時代的な言葉や名称などは詳しくないので現代風に置き換えてます。
それでも明らかに違うようにはしてません。
細かい矛盾点などあるかと思いますが、目を瞑ってお付き合い下さい。
ダメなら進まないでね。











昼過ぎの伊吹屋。


見世の奥、裏の勝手口近くにある厠に女将が向かっていた。

厠の扉に手をかけようとすると先着の気配。

そのため少し待っていると、見世の方から騒がしい足跡が聞こえて来た。


「おい!婆あ、糞してんじゃねーぞ。」

「(イラッ)なんだい、、いきなり来て糞とか、、ここはあんたの邸じゃないんだよ。

何の用だい?」

「何の様だぁ?用なんざ、決まってんじゃねーか。つくしの月は終わったのか?」

「ああ、その事か。さぁてね、聞いちゃいないが、今朝はまだ離れに居たからまだじゃないのかね。」

「チッ。遅ぇな。月って、1日じゃねぇのかよ。」

「あたしも1日で終わってくれると嬉しいがね。だいたい3・4日ってとこかな?つくしも明日には終わると思うよ。」

「そうか。じゃあ、明日また来っか。」


来るなり用件だけを直球で聞く司。場所も顧みずの無礼ぶりに女将も不機嫌を隠さない。

が、

「ところで坊ちゃん、来てここでやるのかい?」

「当たり前だろ。連れて帰れねぇんだ。ここでやるに決まってんじゃねーか。」

「そうかい。なら回し部屋でも構わないね。つくしは座敷を持っちゃいない。隅っこの方でやっておくれ。」

「ああ?回し部屋だぁ?随分な扱いじゃねぇか、、金が足りなかったっつー事か?」

「金じゃあないよ。他の娘達の手前さ。惚れ合ってるお前達の同衾を良く思わない娘だっている。こっちは好きでもない男とやっているっていうのに、、ってね。」

「ケッ。」


身体だけでなく態度もデカいが、まだ元服したばかりの司。女将にはまだまだ小僧で客とは違った頭痛の種だった。

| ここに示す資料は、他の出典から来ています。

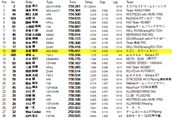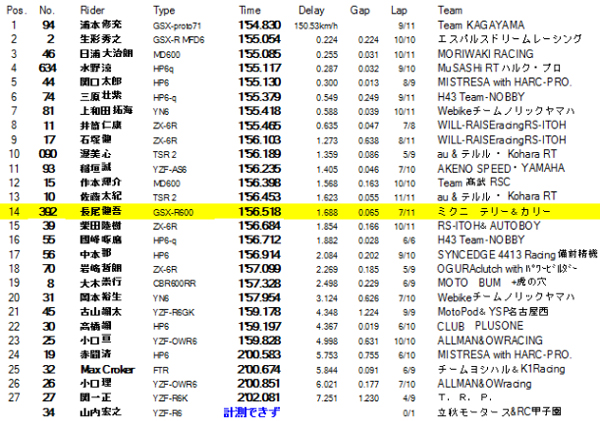 内容:在35分钟较短的预赛时间里,预赛中最小限度应对变化,中途修理,无换胎,瞄准时间自力的完成。这样的气势的结果,最后第14圈最好的记录时12名。昨天作为目标的55秒也终于如愿以偿,接下来就是通过比赛看到了新的课题。

「なんなら土産でも持ってこりゃあ、あの娘達も機嫌を良くするだろうよ。」

「用心棒を連れて来いってことか?」

「新造達はまだ客を取ってないよ。用心棒が来た処で喜ぶかいな。」

「じゃあ何だよ。」

「女が好む物も知らないのかい?まぁ顔が良いから釣れるんどろうけど、はぁ、、つくしはこの坊ちゃんのどこに惚れちまったんだか、、」

「う、うるせーよ。つくしは俺の顔で選ぶ用な奴じゃねー。」

「そんな事は、あたしの方が知ってるよ。あんたと知り合う前から見てるんだよ。」

「・・・チッ。」


家は商売をやっているというのに礼儀も知らないのかねぇと女将は説教のひとつもしたくなるが、はたと気付いた。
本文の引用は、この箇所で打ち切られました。